PROVIDED DATA:
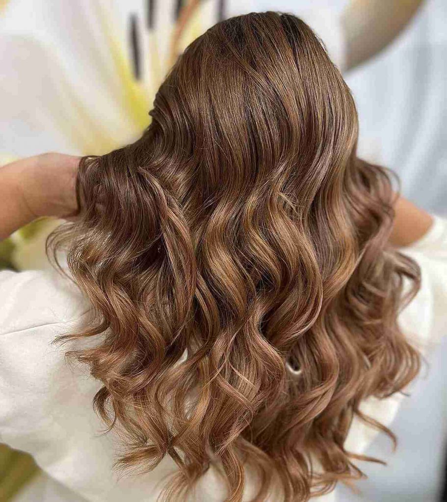 You can’t go wrong with beautiful long dark caramel hair with waves. Chocolate and caramel balayage colors are combined in this hair color idea, creating a luxurious and gorgeous effect.
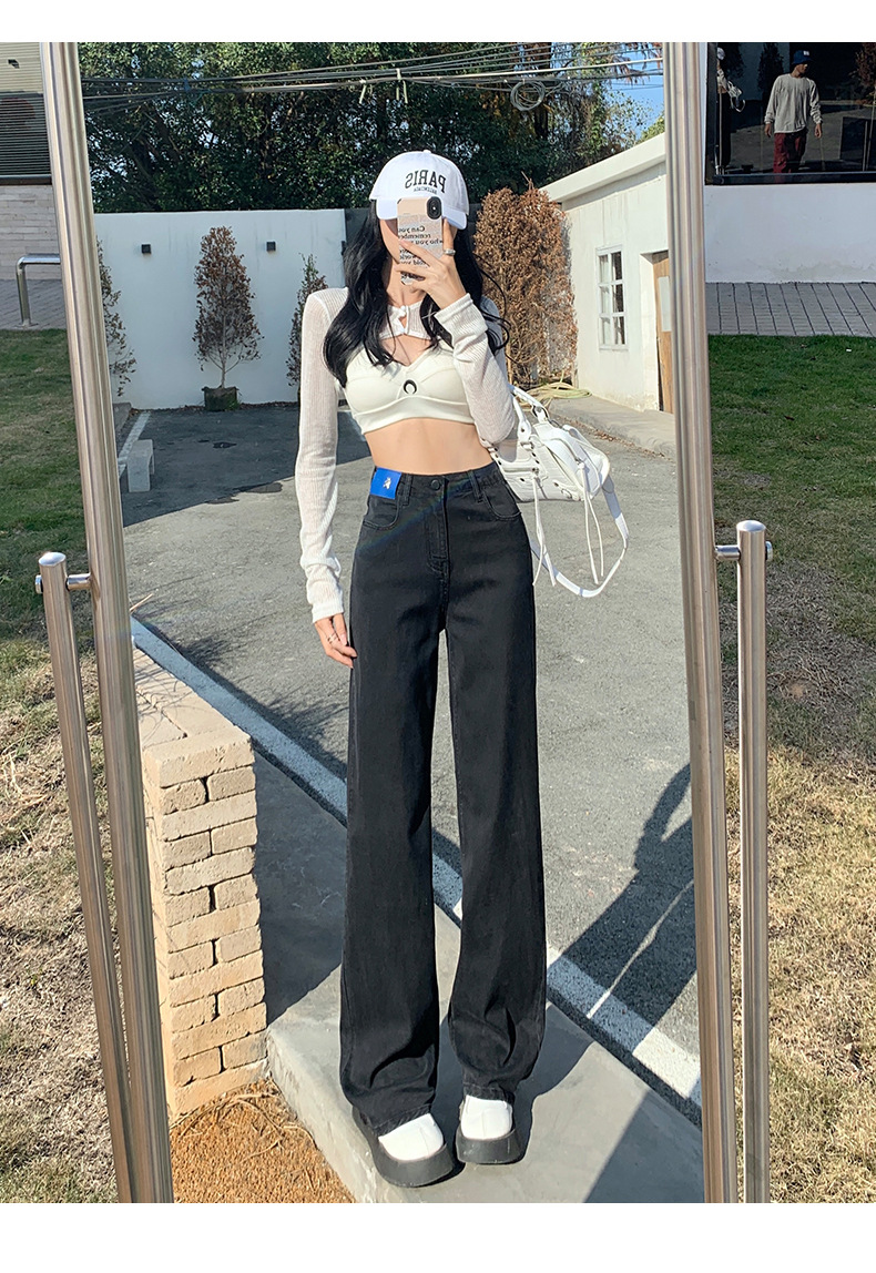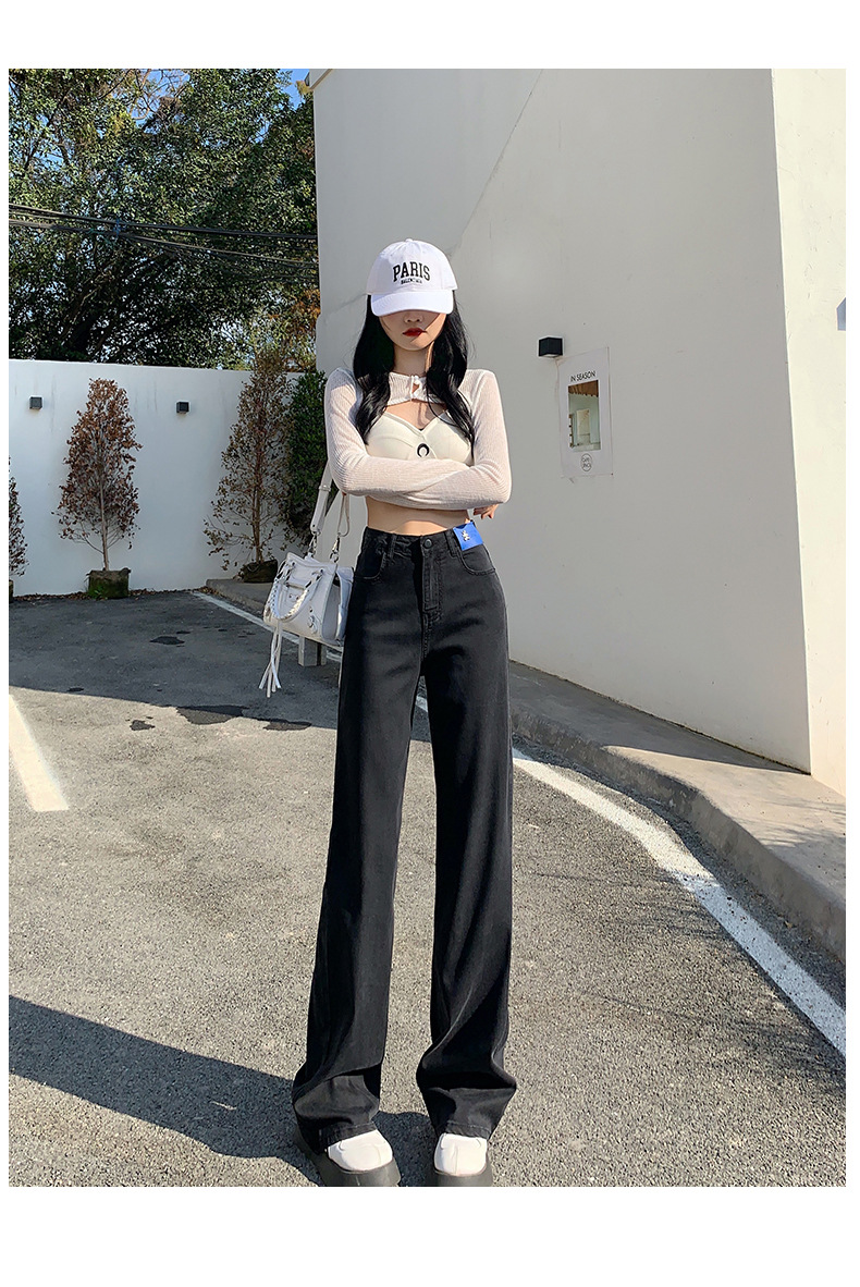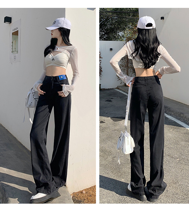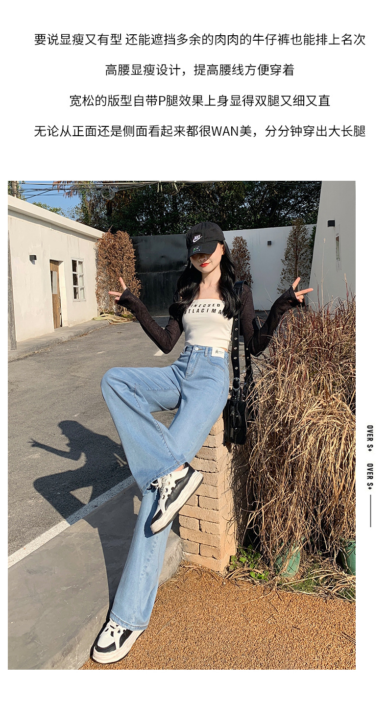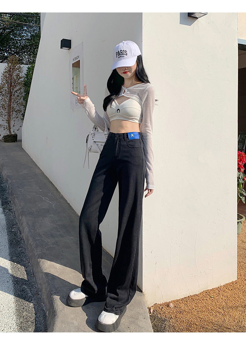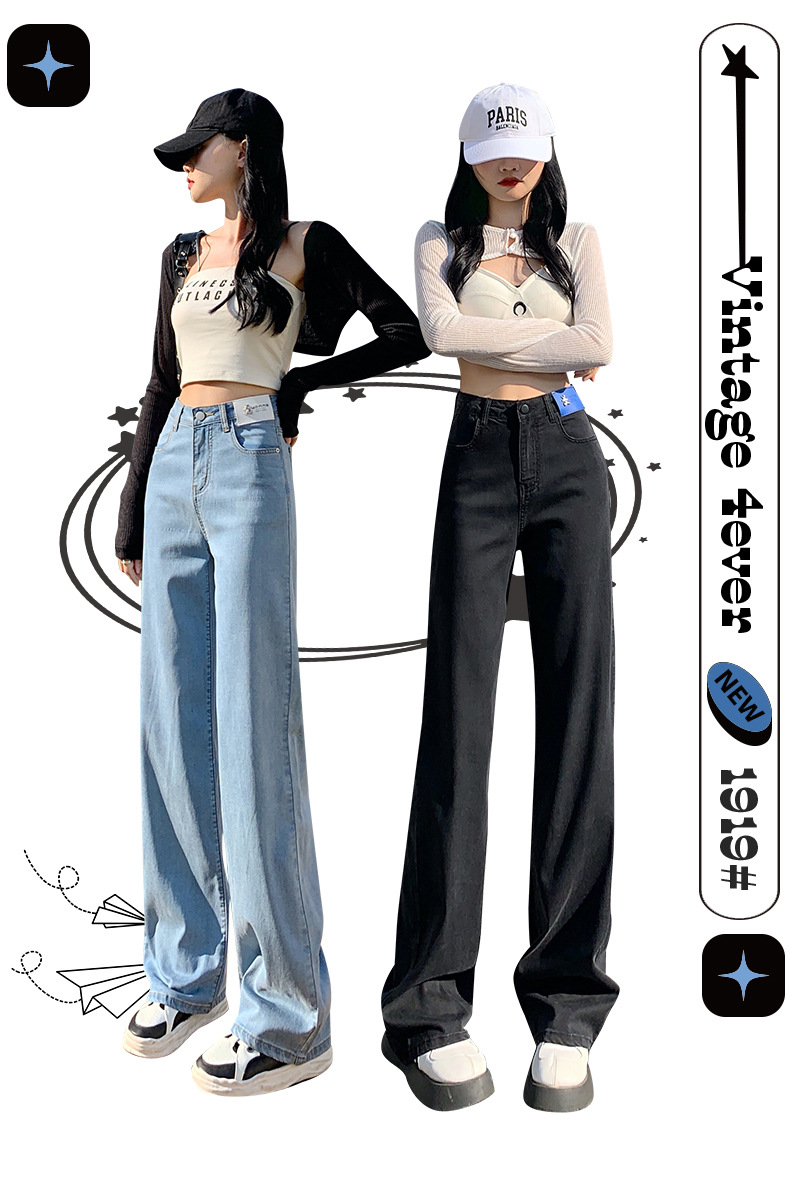 텐셀 청바지 여성용 여름 얇은 2024 새로운 슬림 스트레이트 하이 허리 아이스 실크 바닥 걸레 와이드 다리 바지스토어 가기
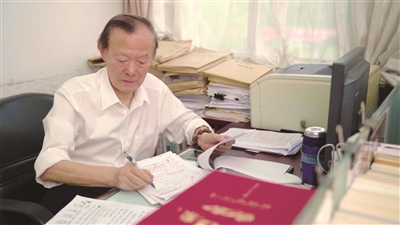 一张不算宽敞、遍布岁月痕迹的木质书桌,座椅左手边靠墙放置的及腰高三层小书架,在简单到略显简陋的办公室里,盛增秀的个人“工位”占地不到两平方米。自从事中医古籍文献整理研究工作以来,40多年里,就是在这样一方角落,盛增秀笔耕不辍,带领团队编著出版了150余部医学专著。
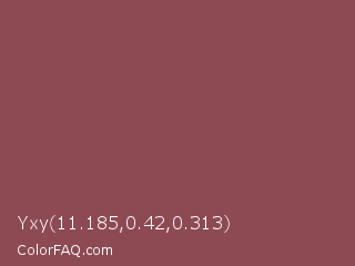Yxy 11.185,0.42,0.313 Color is a normal red color and the nearest color is Copper Rust #944747. Hex code #8d4a53 and RGB value is rgb(141,74,83). In RGB color space, this color is composed of 55% red, 29% green, 33% blue, In CMYK color space, this color is composed of 0% cyan, 48% magenta, 41% yellow , 45% black , In HSL color space, this color has a hue angle of 352° , 31% saturation and 42% lightness.
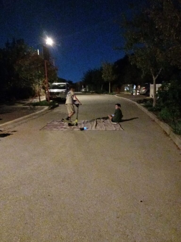 בתמונה – מיכאל ודניאל על המחצלת, בארוחת הרחוב.
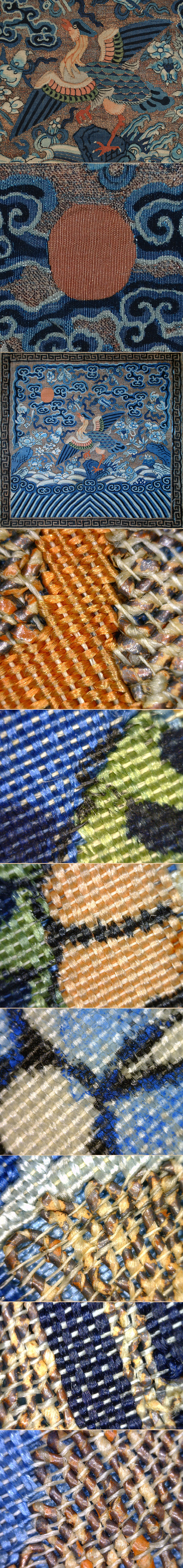 Antique Chinese Silk & Gold Threade Kossu Rank Badge
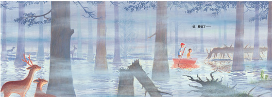 黯蓝的雾气中,剪影般显现出一丘河岸、两名行人,两人一舟,荡桨入流。恰如美国作家梭罗和其兄长在家乡附近河上旅行时所言,河流“总是引诱人们背井离乡去开拓、冒险”,引导旅行者穿越富风情的景色。两位驾船者也将带领我们深入神秘的草泽、水上森林和浅礁暗滩,在悬念丛生、惊喜交替的戏剧化航行中,发现奇趣的风景,获得人生的哲思。
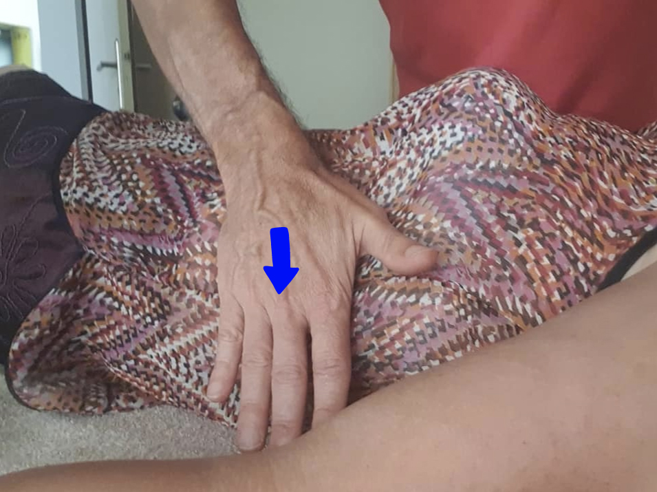 - Confirmación por interrogatorio transversal en la superficie con la palma de la mano sobre la superficie lateral del hemitórax IZQUIERDO, a nivel del órgano del bazo (foto 5).
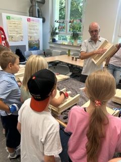 Gebannt lauschten die Kinder in der Klasse 2a. Frau Rosenfeld ist Imkerin, erklärte der Klasse sehr anschaulich das Leben der Bienen und zeigte die Schritte der Honigernte. Die Klasse hatte zuvor im Unterricht das Thema Bienen behandelt und der Besuch bildete den Abschluss der Reihe. Die Kinder erfuhren eine Menge über den Beruf des Imkers und das Leben eines Bienenvolkes. Frau Rosenfeld hatte eine Menge Anschauungsmaterial und Imkerwerkzeug mitgebracht. Die Klasse 2a war sehr begeistert von dem Thema. So entstand der Wunsch nach einer Blumenwiese für Wildbienen im Schulgarten und den Bau von Insektenhotels. Der Förderverein hatte uns bei diesem Projekt unterstützt.Wir sagen: Danke schön.
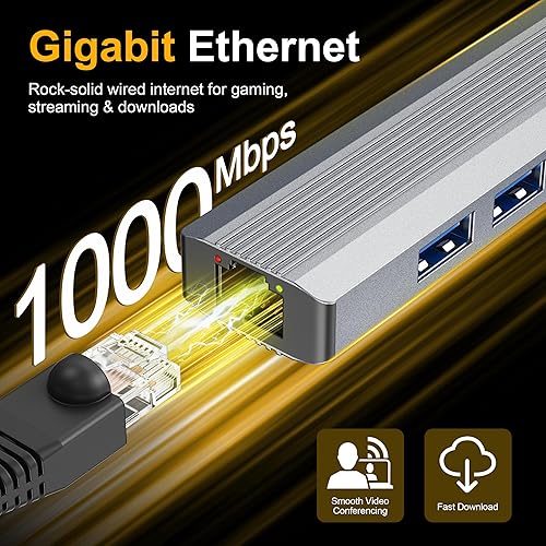 5-in-1 USB C Hub Adapter with Gigabit Ethernet, 2X USB 3.0 Ports, 2X USB C Data Ports, for Windows MacOS Linux Computers and Laptops

WHAT TO DO: All lines from the one containing "Yxy 11.185,0.42,0.313 Color" through the final line of the entries above must be restated word for word, pictures excluded.

SOLUTION:
Yxy 11.185,0.42,0.313 Color is a normal red color and the nearest color is Copper Rust #944747. Hex code #8d4a53 and RGB value is rgb(141,74,83). In RGB color space, this color is composed of 55% red, 29% green, 33% blue, In CMYK color space, this color is composed of 0% cyan, 48% magenta, 41% yellow , 45% black , In HSL color space, this color has a hue angle of 352° , 31% saturation and 42% lightness.
 בתמונה – מיכאל ודניאל על המחצלת, בארוחת הרחוב.
 Antique Chinese Silk & Gold Threade Kossu Rank Badge
 黯蓝的雾气中,剪影般显现出一丘河岸、两名行人,两人一舟,荡桨入流。恰如美国作家梭罗和其兄长在家乡附近河上旅行时所言,河流“总是引诱人们背井离乡去开拓、冒险”,引导旅行者穿越富风情的景色。两位驾船者也将带领我们深入神秘的草泽、水上森林和浅礁暗滩,在悬念丛生、惊喜交替的戏剧化航行中,发现奇趣的风景,获得人生的哲思。
 - Confirmación por interrogatorio transversal en la superficie con la palma de la mano sobre la superficie lateral del hemitórax IZQUIERDO, a nivel del órgano del bazo (foto 5).
 Gebannt lauschten die Kinder in der Klasse 2a. Frau Rosenfeld ist Imkerin, erklärte der Klasse sehr anschaulich das Leben der Bienen und zeigte die Schritte der Honigernte. Die Klasse hatte zuvor im Unterricht das Thema Bienen behandelt und der Besuch bildete den Abschluss der Reihe. Die Kinder erfuhren eine Menge über den Beruf des Imkers und das Leben eines Bienenvolkes. Frau Rosenfeld hatte eine Menge Anschauungsmaterial und Imkerwerkzeug mitgebracht. Die Klasse 2a war sehr begeistert von dem Thema. So entstand der Wunsch nach einer Blumenwiese für Wildbienen im Schulgarten und den Bau von Insektenhotels. Der Förderverein hatte uns bei diesem Projekt unterstützt.Wir sagen: Danke schön.
 5-in-1 USB C Hub Adapter with Gigabit Ethernet, 2X USB 3.0 Ports, 2X USB C Data Ports, for Windows MacOS Linux Computers and Laptops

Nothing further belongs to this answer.